Fact Checking: Adams Law of Slow-Moving Disasters

Fact Checking: Adams Law of Slow-Moving Disasters
April 15, 2013

Fact Checking: Adams Law of Slow-Moving Disasters

    I was watching Real Time with Bill Maher the other day. He had a professor on the show who said climate change can be fixed by making well-understood adjustments to how farmers raise cattle plus some other fairly ordinary changes. Apparently this is all explained in a documentary called Carbon Nation.

    I’m skeptical of any claim so big and contrarian, but it does fit with The Adams Law of Slow-Moving Disasters. Simply stated, my observation is that whenever humanity can see a slow-moving disaster coming, we find a way to avoid it. Let’s run through some examples:

    Thomas Malthus famously predicted that the world would run out of food as the population grew. Instead, humans improved their farming technology.

    When I was a kid, it was generally assumed that the world would be destroyed by a global nuclear war. The world has been close to nuclear disaster a few times, but so far we’ve avoided all-out nuclear war.

    The world was supposed to run out of oil by now, but instead we keep finding new ways to extract it from the ground.
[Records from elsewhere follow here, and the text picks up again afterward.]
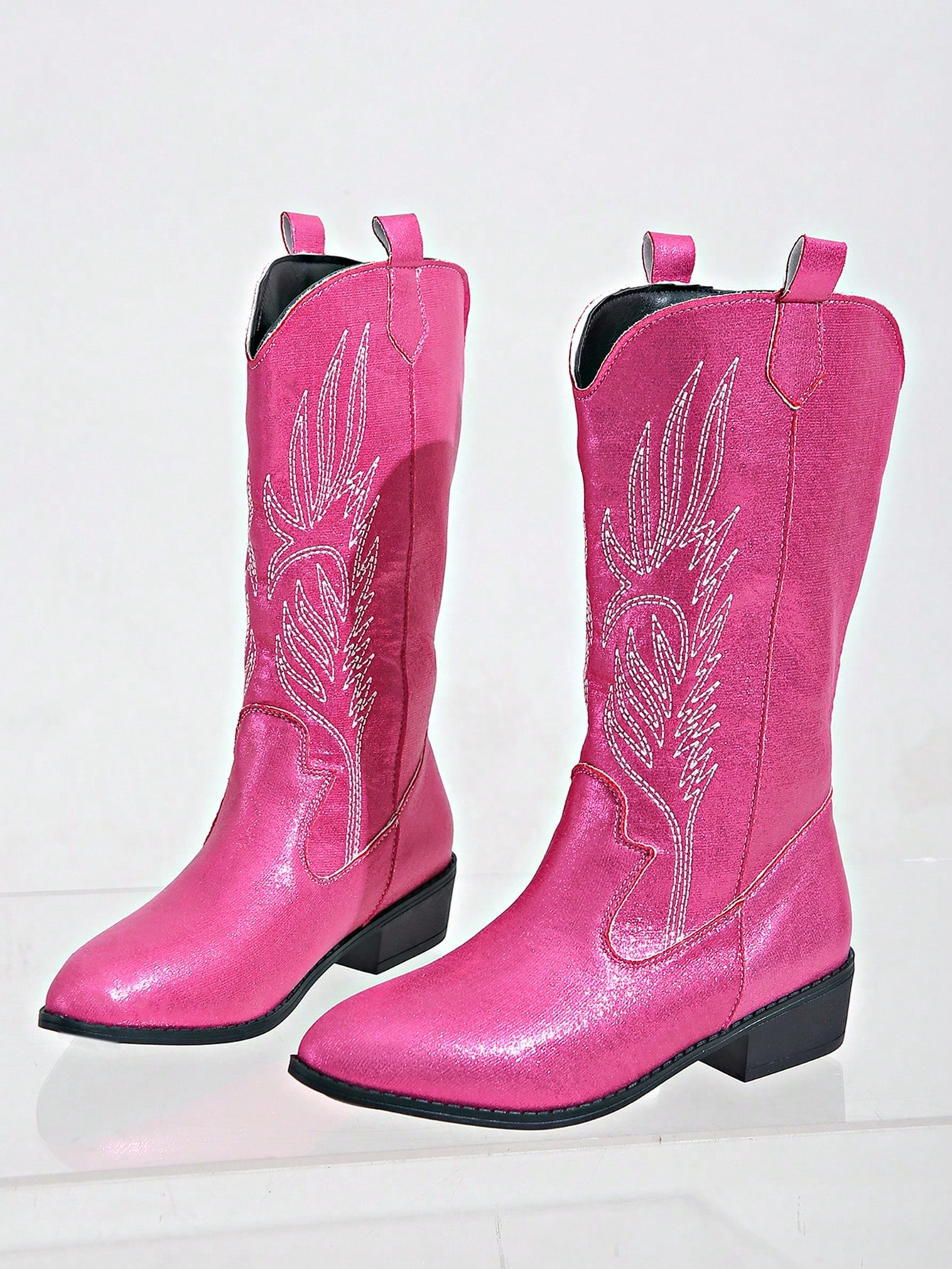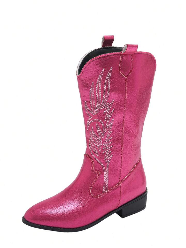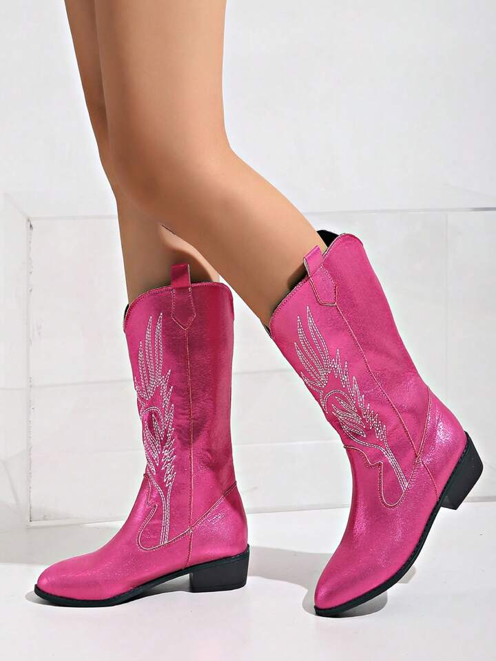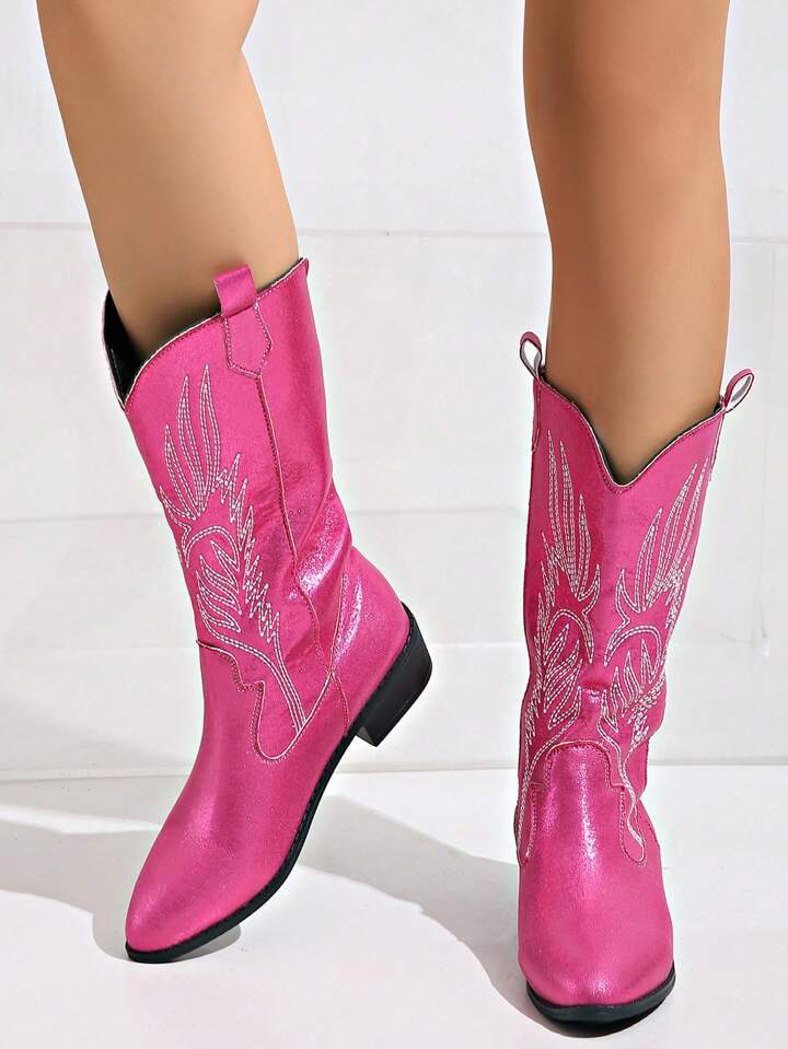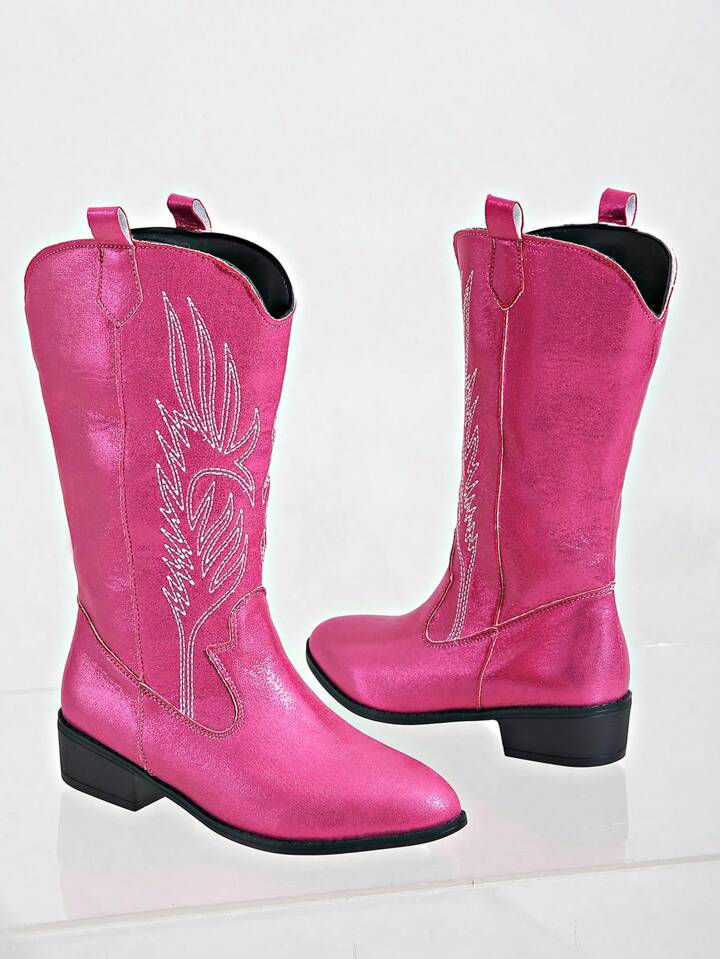 Goth Women Embroidery Detail Point Toe Western Boots, Funky Outdoor Fashion Boots, Cowboy Boots For Women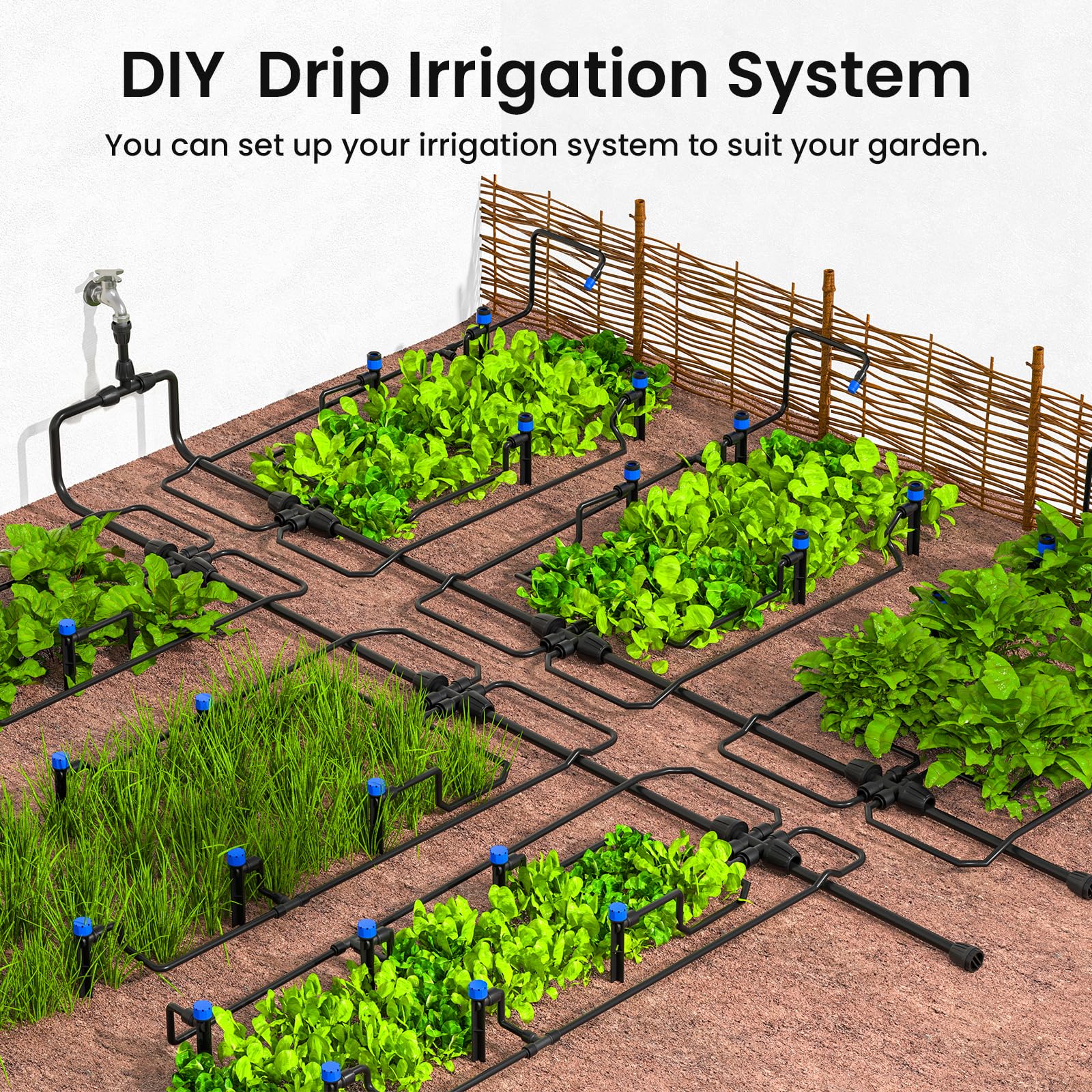 • ✔Innovative Quick Connector Technology:Featuring a new quick connector design, our plug-and-play irrigation tube ensures a secure fit, preventing leaks and making installation a breeze.Takes only 10 minutes from setup to full operation, saving you time and effort.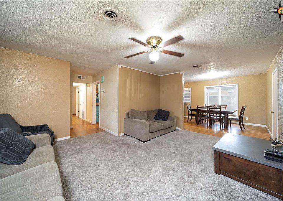 For your consideration, here is a 3 bedroom 1 1/2 bathroom home that is walking distance away from Eastern New Mexico University. Some furniture in the living room will be staying along with the washer, dryer, refrigerator, dishwasher, and microwave. There is a storage shed in the backyard that will stay as well. Owner Financing is available! Contact me for more info or a showing!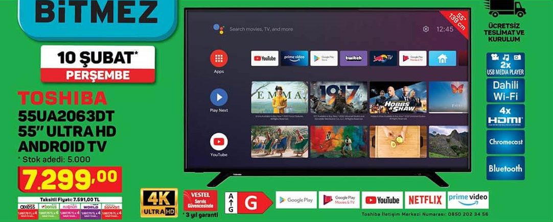 Toshiba 55UA2063DT 55 inç ULTRA HD Android TV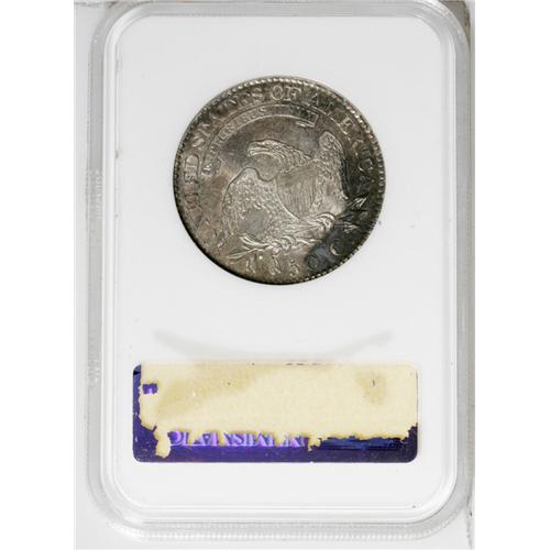 <B>1825<50C> MS62 NGC.</B></I> O-111, R.3. Heavy repunching on the reverse solidifies the attribution. Nicely struck with pleasing luster overall, though the light golden patina that covers the obverse gives way to an arc of darker toning that encompasses most of the denomination and the arrowheads.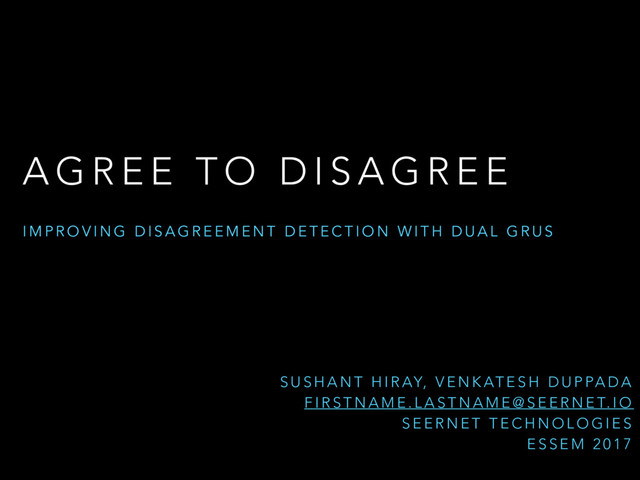 Presentation of our work on disagreement detection at ESSEM 2017. In this work, we show that by using a Siamese inspired architecture to encode the discussions, we no longer need to rely on hand-crafted features to exploit the meta thread structure. The research paper can be found at https://arxiv.org/abs/1708.05582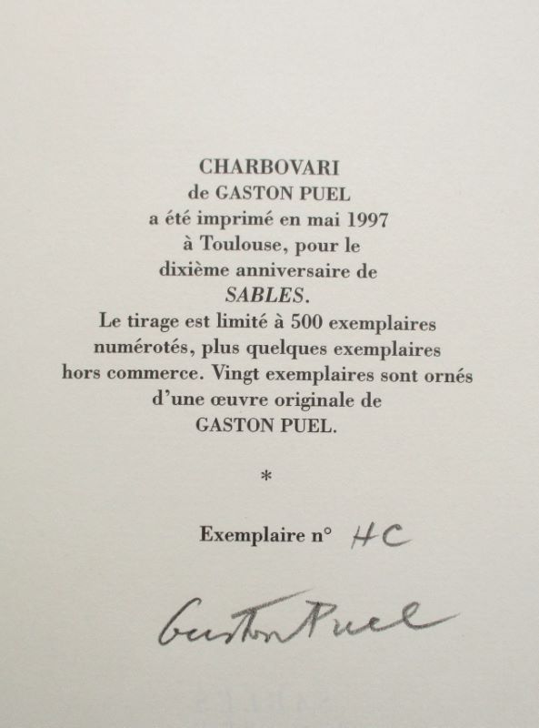 Édition illustrée d’une oeuvre originale signée de Gaston Puel. Un des quelques exemplaires hors commerce. Cet exemplaire comporte un envoi autographe signé de l’auteur à l’éditeur et l’auteur Thierry Bouchard, daté de septembre 1997.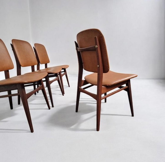 Frame van massief teak met gebogen rugleuningen en messing verbindingen. Originele cognackleurige kunstlederen bekleding, warm tonend bij het hout.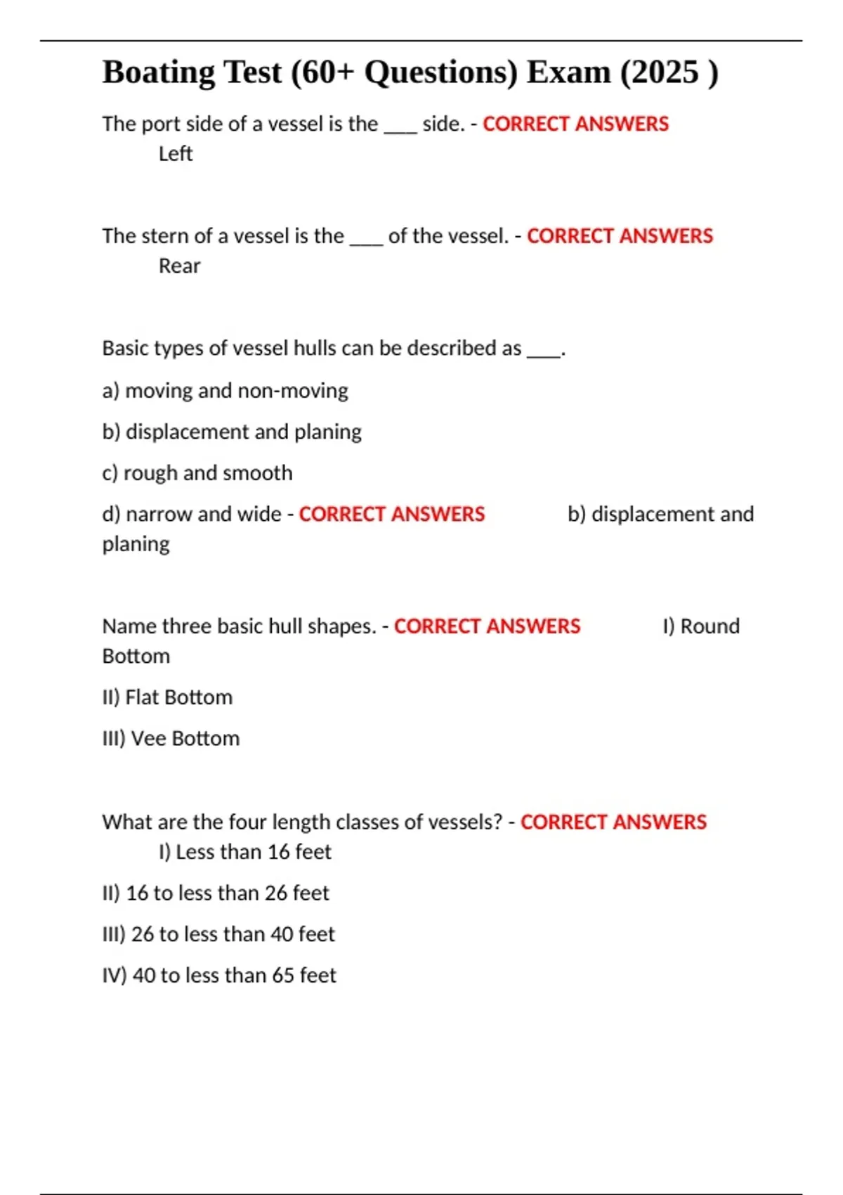 CORRECT ANSWERS ✔✔Inboard Vessels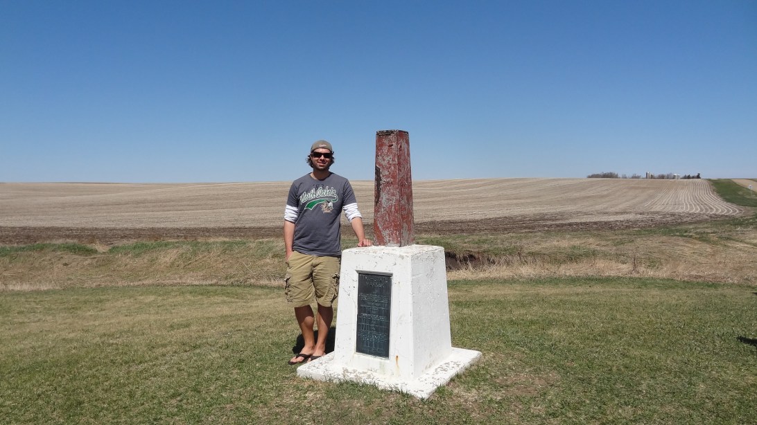 Me standing on the “dominant” side of the tri-point, South Dakota. Minnesota lies to the north and east of the marker, while Iowa sits to the south and east. South Dakota takes up the entire side west of the marker.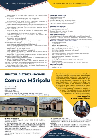 128 / JUDE%u021aUL BISTRI%u021aA-N%u0102S%u0102UD WWW.GHIDULPRIMARIILOR.ROReabilitarea %u0219i modernizarea centrului de perfec%u021bionare silvic%u0103%u00a0SilhoasaCertificarea p%u0103durilor proprietate UAT Lunca IlveiModernizarea %u0219i dotarea Pepinierei silvice SilhoasaAchizi%u021bionarea unui teren %u00een zona central%u0103%u00a0 a localit%u0103%u021bii %u0219i amenajarea unui parc de recreere %u0219i agreementModernizarea tuturor %u0219an%u021burilor , rigolelor %u0219i pode%u021belor aferente at%u00e2t drumurilor comunale c%u00e2t %u0219i str%u0103zilor de interes localAmenajarea %u0219i pietruirea tuturor drumurilor agricole de pe raza UAT Lunca ILveiAmenajrea unui centru de b%u0103tr%u00e2ni, %u00een spa%u021biul fostei %u0219coli generale nr. 3 UrsoaiaFinalizarea moderniz%u0103rii sistemului de iluminat publicModernizarea podurilor de pe cursul R%u00e2ului Ilva, din zona str. Liliacului %u0219i str. FlorilorConstruirea casei de c%u0103s%u0103toriiConstruirea muzeului satuluiExtinerea re%u021belei de ap%u0103%u00a0 %u2013 canal , pe zona str%u0103zilor r%u0103mase f%u0103r%u0103%u00a0instala%u021bii de acest genAmenajare curs ap%u0103%u00a0Valea Calului %u0219i BolovanulPietruire %u0219i reprofilare drumuri agricole: Dl. Sasului, Poiana lui Cozonac, Obcina, Dl. Frau, Dl. PrajReabilitare DC 44 Lunca Ilvei %u2013 %u0218an%u021bModernizare str%u0103zi %u00een localitatea Lunca IlveiSta%u021bii de re%u00eenc%u0103rcare pentru vehicule electrice %u00een comuna Lunca Ilvei, jude%u021bul Bistri%u021ba %u2013 N%u0103s%u0103udReabilitare, modernizare %u0219i dotare Dispensar Uman, comuna Lunca Ilvei, jude%u021bul Bistri%u021ba %u2013N%u0103s%u0103udReabilitarea, modernizarea, extinderea %u0219i dotarea Gr%u0103dini%u021bei nr. 1 Lunca Ilvei, jude%u021bul Bistri%u021ba %u2013 N%u0103s%u0103udModernizarea unit%u0103%u021bii de producere a energiei termice din biomas%u0103%u00a0%u0219i realizarea re%u021belei de distribu%u021bie a energiei termice din comuna Lunca Ilvei , jude%u021bul Bistri%u021ba %u2013 N%u0103s%u0103udAmenajarea ap%u0103r%u0103rii de maluri pe Valea Ursoaia comuna Lunca Ilvei, jude%u021bul Bistri%u021ba %u2013 N%u0103s%u0103udCOMUNA M%u0102RI%u015eELUAdres%u0103: Ioan Cotoc nr.1Cod po%u0219tal: 427150Telefon: 0263-272710; Fax: 0263-272585; Adresa de e-mail: primaria.mariselu@gmail.comURL: http://www.comunamariselu.roPersoane din primarie:Primar: Horea-C%u0103lin%u00a0Petru%u0163%u00a0Viceprimar: Alexandru PopSecretar General: Domni%u0163a%u00a0Z%u0103voianContabil: Alina Elena CiraSate %u00een administra%u021bie:M%u0103ri%u0219elu, M%u0103gurele, S%u00e2ntioana, B%u00e2rla, Domne%u015fti, Jeica, Ne%u0163eniSuprafa%u021ba:%u00a0 7754 ha; Intravilan:%u00a0 433,40 ha; Extravilan:%u00a0 7320 ha; Popula%u021bia:%u00a02329; Gospod%u0103rii:%u00a0947; Locuin%u021be:%u00a0872; Gr%u0103dini%u021be:%u00a03; %u0218coli:%u00a03; Activitati economice si specifice zonei:Cre%u0219terea animalelorAgriculturaFirme reprezentative:SC Petru%u021b Microferma Zootehnic%u0103 (cre%u0219terea animalelor)SC Agrostar SRL (cultur%u0103 mare)PFA Flore Aurelian (cre%u0219terea animalelor)Produc%u0103tori locali:SC Petru%u021b Microferma Zootehnic%u0103 (cre%u0219terea animalelor)SC Agrostar SRL (cultur%u0103 mare)PFA Flore Aurelian (cre%u0219terea animalelor)Me%u0219te%u0219uguri:Activit%u0103%u021bi de sculptur%u0103 %u00een lemn, piatr%u0103 %u0219i pictur%u0103Produse locale:Lapte pentru procesare, cereale, miei pentru sacrificat%u00a0Obiective turistice:R%u00e2pa cu p%u0103pu%u015fiMasivul cu sare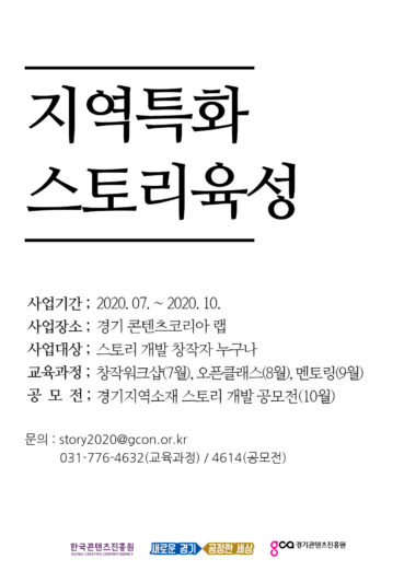 경기콘텐츠진흥원이 경기도의 숨은 이야기를 발굴하는 ‘지역특화스토리 육성 지원사업’을 운영한다. 교육과정은 실습 위주의 창작워크샵, 오픈클래스, 멘토링으로 구성되며 3개월 간 판교에 위치한 경기 콘텐츠코리아 랩에서 교육이 진행된다. 창작워크샵은 이야기 개발 경험이 있는 창작자를 대상으로 오는 7월 3차시, 총 12회에 걸쳐 운영되며 코로나19 확산에 따라 온라인을 통한 비대면 워크샵으로 운영한다.

The United States has unexpectedly become a net provider of energy.

    The debt problem in the United States was supposed to destroy the economy. Instead, the deficit is shrinking, the stock market is surging, and the price of gold is plummeting.

    Social security was supposed to go broke. It might have some dents and scratches, but it looks as if it will be fine.

    Offshoring was supposed to suck the last bit of manufacturing DNA out of the United States. Instead, robotics and other market forces have caused the trend to reverse.

    Illegal immigrants from Mexico were supposed to overrun the United States with crime, steal American jobs and burden the social systems. Instead, the economy of Mexico started improving and immigration reversed.

    When I was a kid, it looked as if the country was heading for an eventual race war. Today that seems impossible unless angry white guys start shooting.

    In the seventies it looked as if crime was going to keep increasing forever until the suburbs were overrun by street gangs. Instead, violent crime has steadily decreased.

    On a smaller scale, the BP oil spill in the Gulf was supposed to destroy the Gulf ecosystem for the rest of our lives. And while the lasting damage was plenty bad, experts were generally surprised that it wasn’t far worse.

    The Y2K problem was supposed to break computers and plunge the planet into an agrarian society. Instead, programmers invented shortcuts for finding and fixing the bugs with time to spare.

    In California, predicted ongoing droughts were supposed decimate the state. Instead, it rained.

    Can anyone give me an example of a potential global disaster that the general public saw coming, with at least a ten year warning , and it actually happened as predicted?